*** Opening Task inputs ***

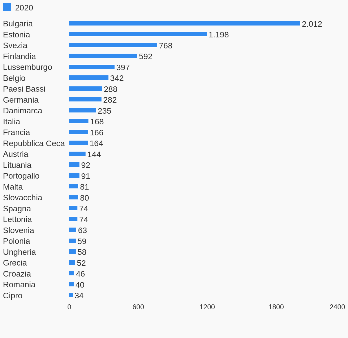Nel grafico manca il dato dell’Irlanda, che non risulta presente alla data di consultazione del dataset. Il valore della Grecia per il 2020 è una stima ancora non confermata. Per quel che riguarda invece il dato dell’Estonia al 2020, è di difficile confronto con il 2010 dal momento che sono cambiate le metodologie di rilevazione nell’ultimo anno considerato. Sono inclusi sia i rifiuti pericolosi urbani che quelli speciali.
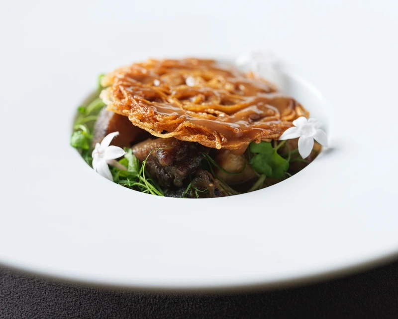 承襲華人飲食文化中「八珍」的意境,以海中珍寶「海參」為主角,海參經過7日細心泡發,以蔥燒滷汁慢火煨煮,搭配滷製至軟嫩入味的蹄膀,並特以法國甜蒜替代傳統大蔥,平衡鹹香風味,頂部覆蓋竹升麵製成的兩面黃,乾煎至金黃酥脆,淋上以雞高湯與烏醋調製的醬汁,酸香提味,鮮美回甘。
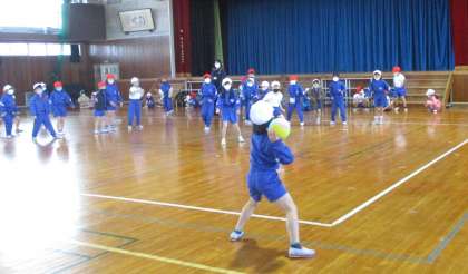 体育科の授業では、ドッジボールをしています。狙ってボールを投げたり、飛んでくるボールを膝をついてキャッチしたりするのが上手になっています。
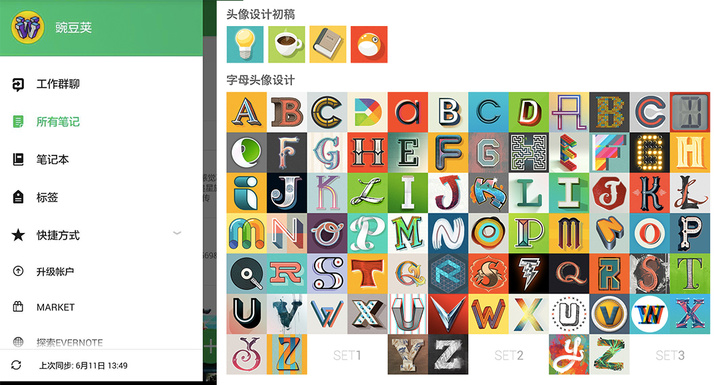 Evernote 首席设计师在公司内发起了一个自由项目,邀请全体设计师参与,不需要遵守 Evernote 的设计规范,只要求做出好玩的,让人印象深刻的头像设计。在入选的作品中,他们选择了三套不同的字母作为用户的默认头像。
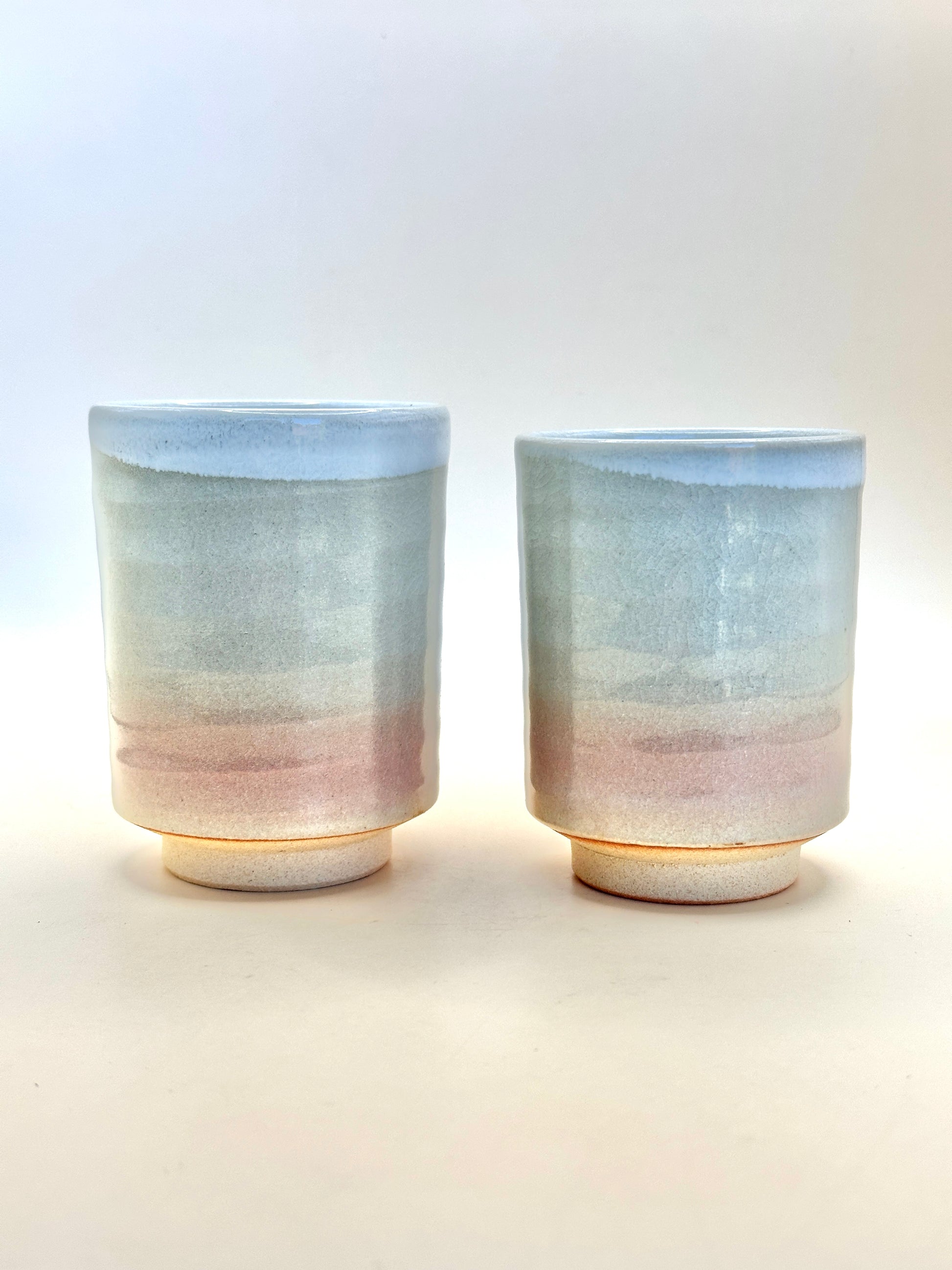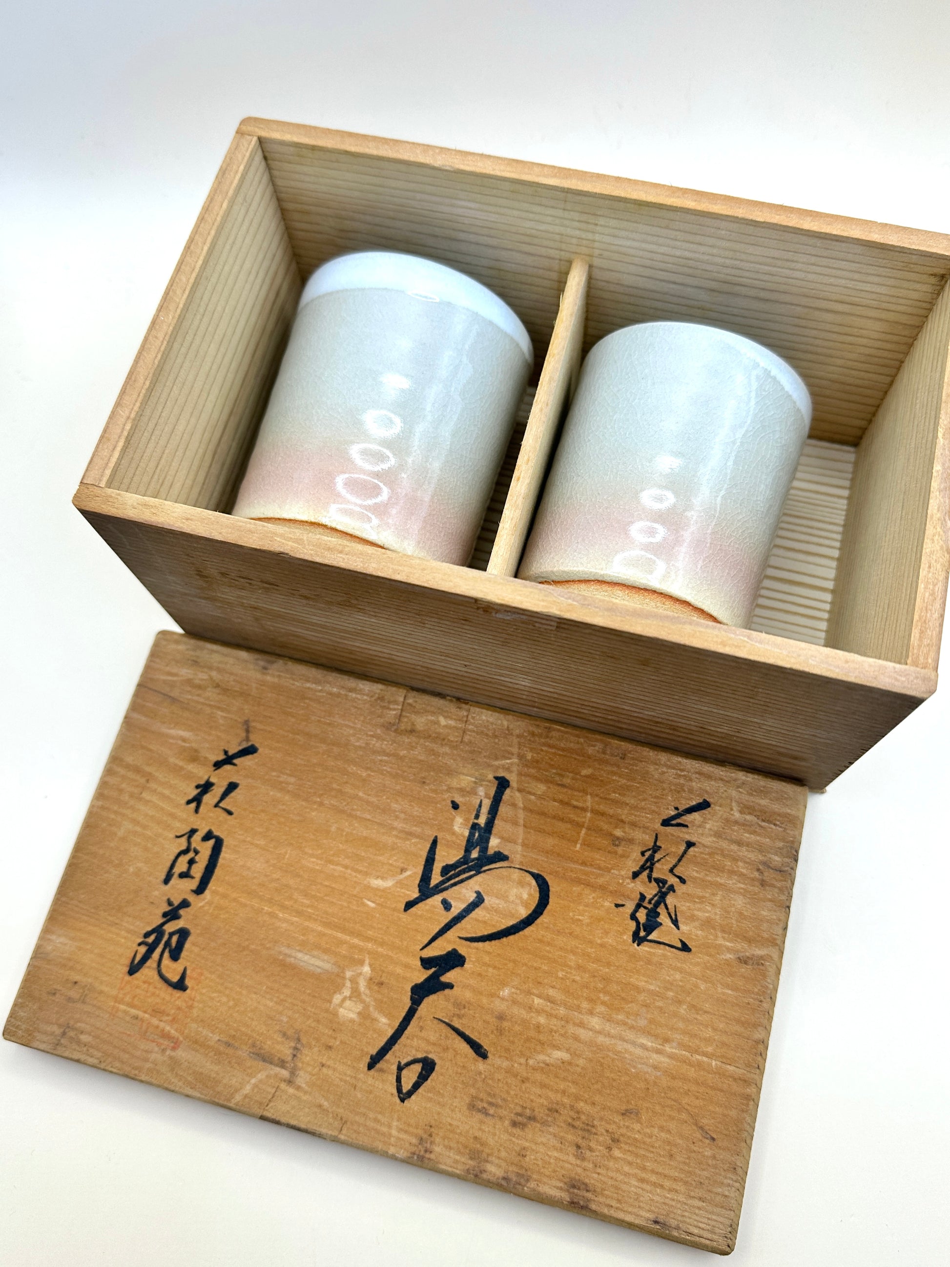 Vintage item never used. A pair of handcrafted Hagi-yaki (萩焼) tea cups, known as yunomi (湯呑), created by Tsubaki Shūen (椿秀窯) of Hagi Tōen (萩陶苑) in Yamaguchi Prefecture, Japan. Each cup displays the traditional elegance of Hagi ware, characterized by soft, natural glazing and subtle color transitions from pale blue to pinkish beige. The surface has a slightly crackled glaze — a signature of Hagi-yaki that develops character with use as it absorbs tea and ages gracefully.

*** Closing Task inputs ***
*** Opening Task inputs ***

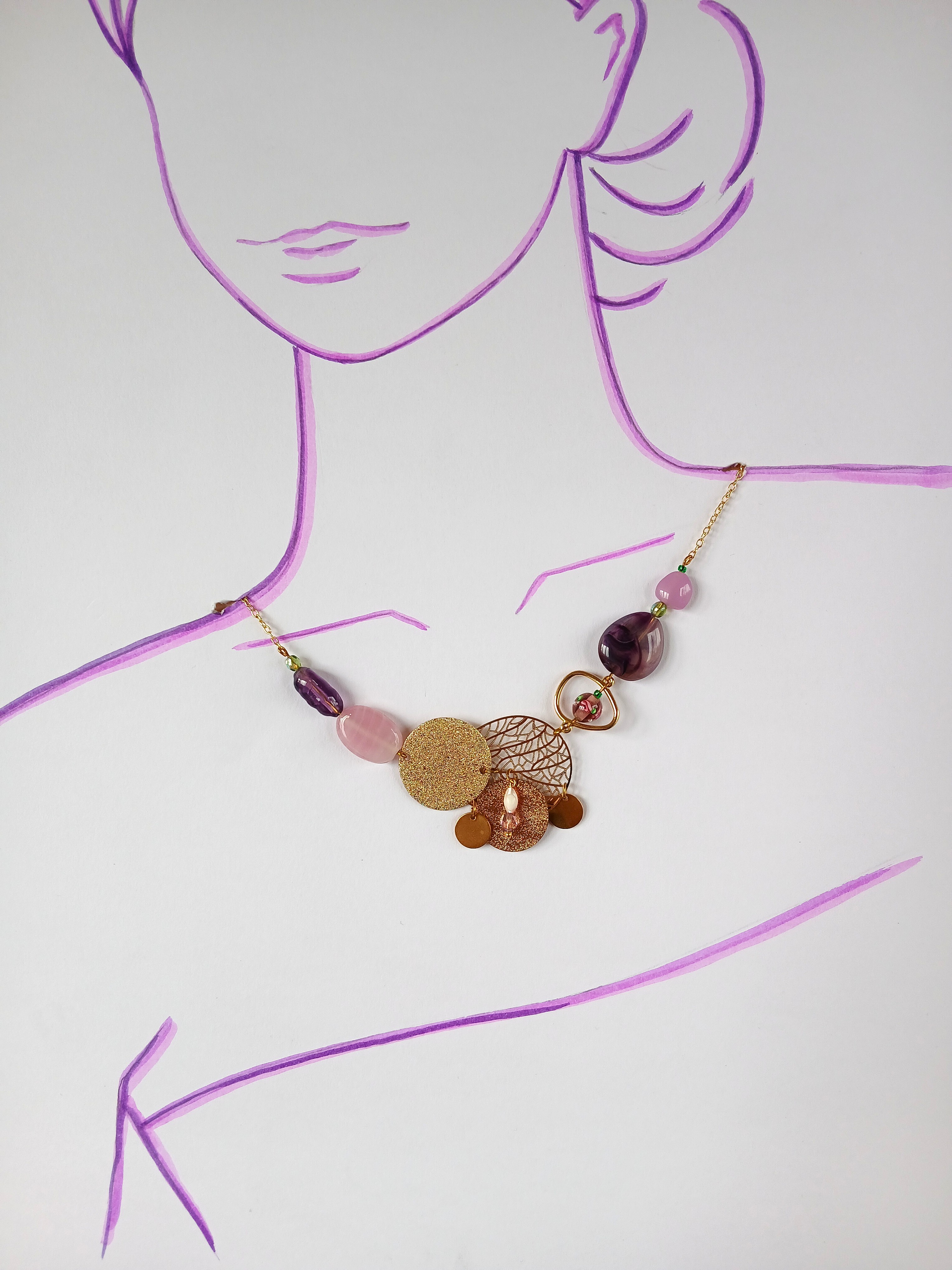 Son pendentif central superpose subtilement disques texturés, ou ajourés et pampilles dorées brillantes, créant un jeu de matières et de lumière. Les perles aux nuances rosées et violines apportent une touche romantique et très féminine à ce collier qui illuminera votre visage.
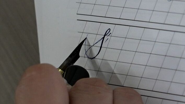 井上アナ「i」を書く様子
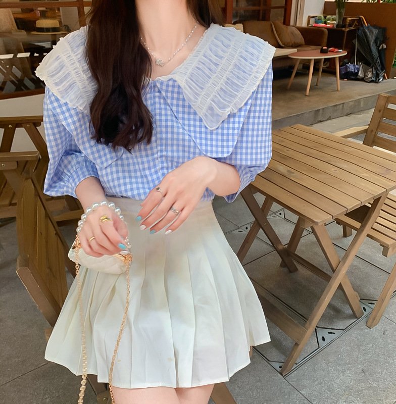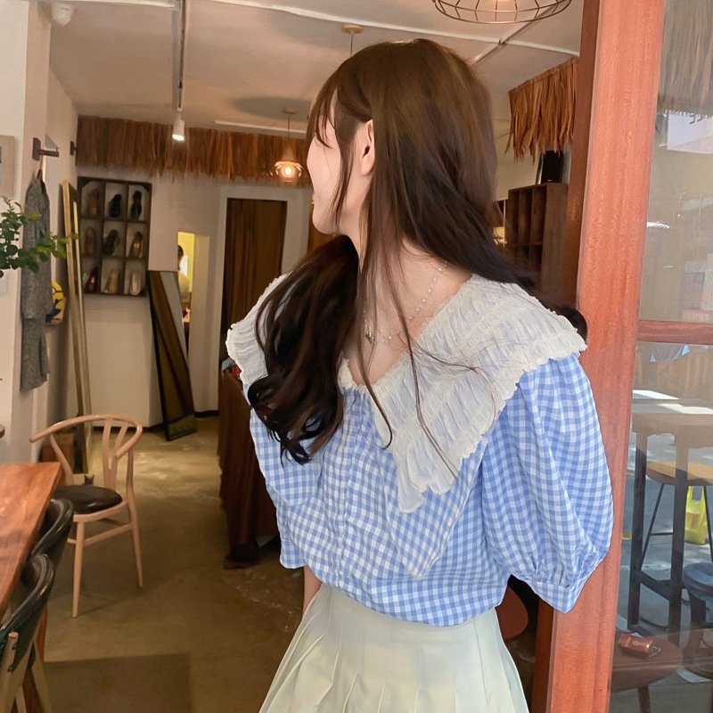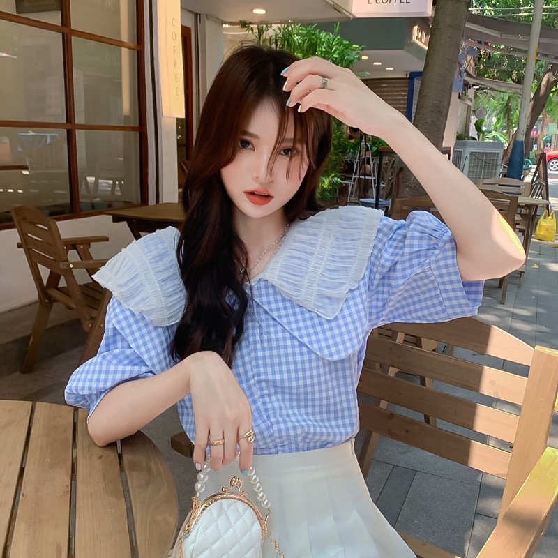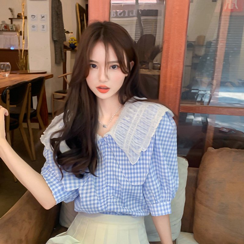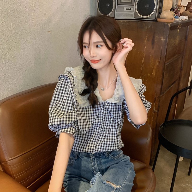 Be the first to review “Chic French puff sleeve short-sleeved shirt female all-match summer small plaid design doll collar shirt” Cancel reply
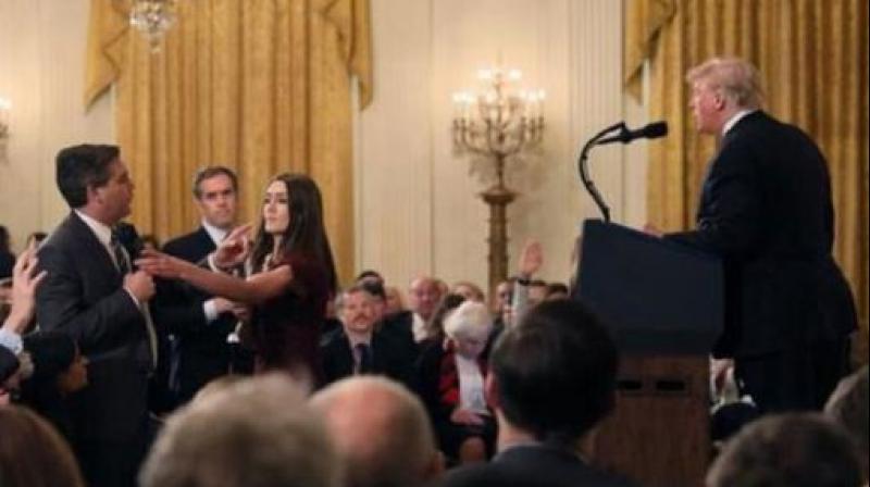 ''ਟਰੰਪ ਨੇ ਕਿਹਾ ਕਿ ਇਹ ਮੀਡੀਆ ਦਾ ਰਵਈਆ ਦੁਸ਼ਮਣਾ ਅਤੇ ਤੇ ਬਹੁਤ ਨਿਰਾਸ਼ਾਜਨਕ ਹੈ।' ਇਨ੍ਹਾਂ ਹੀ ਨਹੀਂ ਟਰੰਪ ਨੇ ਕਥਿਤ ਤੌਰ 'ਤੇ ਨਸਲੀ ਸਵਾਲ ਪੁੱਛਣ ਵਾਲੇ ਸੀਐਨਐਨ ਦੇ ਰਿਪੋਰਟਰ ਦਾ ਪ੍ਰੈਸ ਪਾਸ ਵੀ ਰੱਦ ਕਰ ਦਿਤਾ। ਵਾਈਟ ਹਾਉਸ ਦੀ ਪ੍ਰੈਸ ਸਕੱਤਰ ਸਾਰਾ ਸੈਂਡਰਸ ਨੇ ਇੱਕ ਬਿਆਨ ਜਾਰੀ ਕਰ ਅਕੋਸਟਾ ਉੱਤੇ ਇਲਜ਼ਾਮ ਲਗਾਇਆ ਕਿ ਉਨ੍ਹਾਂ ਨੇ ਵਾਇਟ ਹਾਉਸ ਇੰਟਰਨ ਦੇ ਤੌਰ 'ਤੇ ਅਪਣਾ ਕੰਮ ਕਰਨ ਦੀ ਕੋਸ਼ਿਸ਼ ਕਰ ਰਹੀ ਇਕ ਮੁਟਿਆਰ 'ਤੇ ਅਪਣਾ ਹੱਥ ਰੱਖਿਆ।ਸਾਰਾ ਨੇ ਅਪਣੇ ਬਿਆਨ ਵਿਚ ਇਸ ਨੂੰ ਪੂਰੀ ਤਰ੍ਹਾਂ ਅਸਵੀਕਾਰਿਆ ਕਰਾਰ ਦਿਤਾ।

*** Closing Task inputs ***
*** Opening Task inputs ***

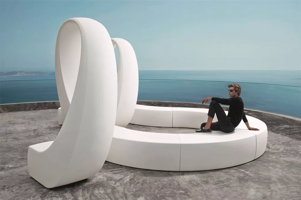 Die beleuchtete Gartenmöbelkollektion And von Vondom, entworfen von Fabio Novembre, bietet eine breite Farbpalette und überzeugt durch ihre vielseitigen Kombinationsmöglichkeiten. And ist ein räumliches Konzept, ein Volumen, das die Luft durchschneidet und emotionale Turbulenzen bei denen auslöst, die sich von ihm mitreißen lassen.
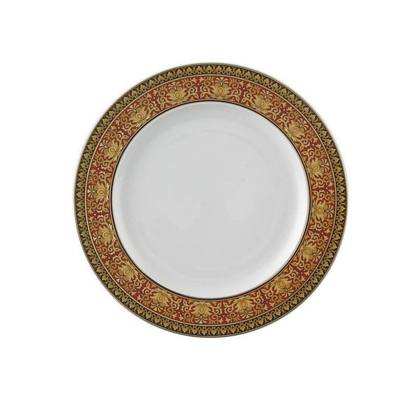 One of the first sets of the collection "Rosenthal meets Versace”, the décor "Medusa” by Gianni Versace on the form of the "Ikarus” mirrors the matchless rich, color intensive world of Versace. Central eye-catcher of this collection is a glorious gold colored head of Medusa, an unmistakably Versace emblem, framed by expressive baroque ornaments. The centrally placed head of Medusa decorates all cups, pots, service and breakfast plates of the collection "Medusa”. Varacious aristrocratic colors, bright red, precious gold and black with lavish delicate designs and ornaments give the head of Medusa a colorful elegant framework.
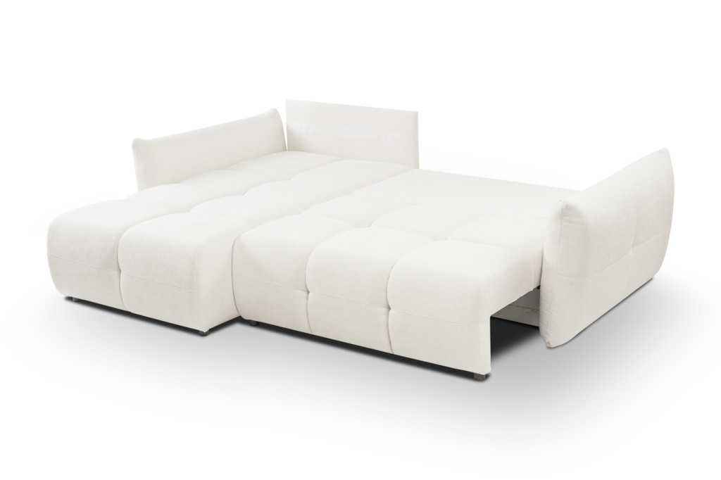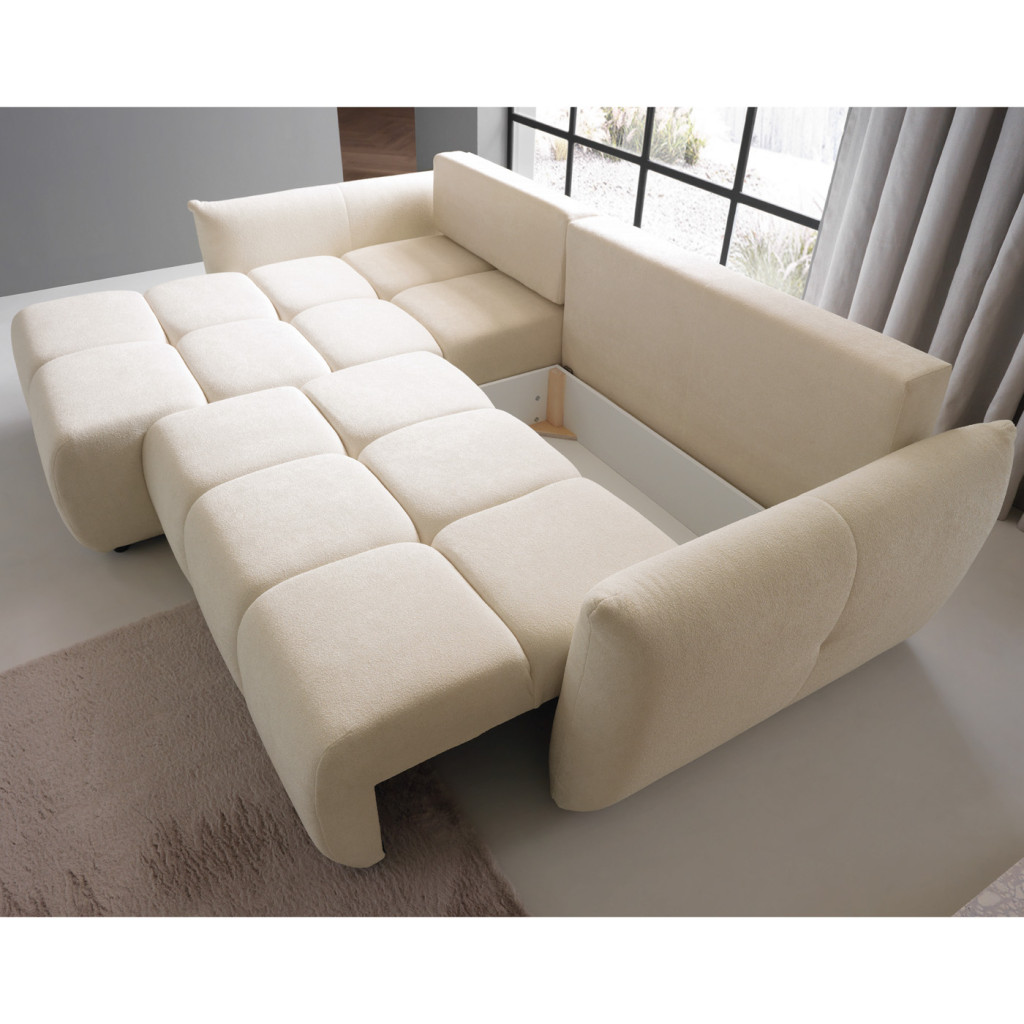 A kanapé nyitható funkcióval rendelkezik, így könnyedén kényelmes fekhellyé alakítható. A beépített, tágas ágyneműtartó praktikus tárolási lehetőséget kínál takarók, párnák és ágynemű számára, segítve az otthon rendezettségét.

*** Closing Task inputs ***

**What the exercise asks**
Pictures do not belong in the answer. Return the lines above starting at the one with "Die beleuchtete Gartenmöbelkollektion" and ending at the one with "One of the first", both kept, exactly.

**Answer box**
 Die beleuchtete Gartenmöbelkollektion And von Vondom, entworfen von Fabio Novembre, bietet eine breite Farbpalette und überzeugt durch ihre vielseitigen Kombinationsmöglichkeiten. And ist ein räumliches Konzept, ein Volumen, das die Luft durchschneidet und emotionale Turbulenzen bei denen auslöst, die sich von ihm mitreißen lassen.
 One of the first sets of the collection "Rosenthal meets Versace”, the décor "Medusa” by Gianni Versace on the form of the "Ikarus” mirrors the matchless rich, color intensive world of Versace. Central eye-catcher of this collection is a glorious gold colored head of Medusa, an unmistakably Versace emblem, framed by expressive baroque ornaments. The centrally placed head of Medusa decorates all cups, pots, service and breakfast plates of the collection "Medusa”. Varacious aristrocratic colors, bright red, precious gold and black with lavish delicate designs and ornaments give the head of Medusa a colorful elegant framework.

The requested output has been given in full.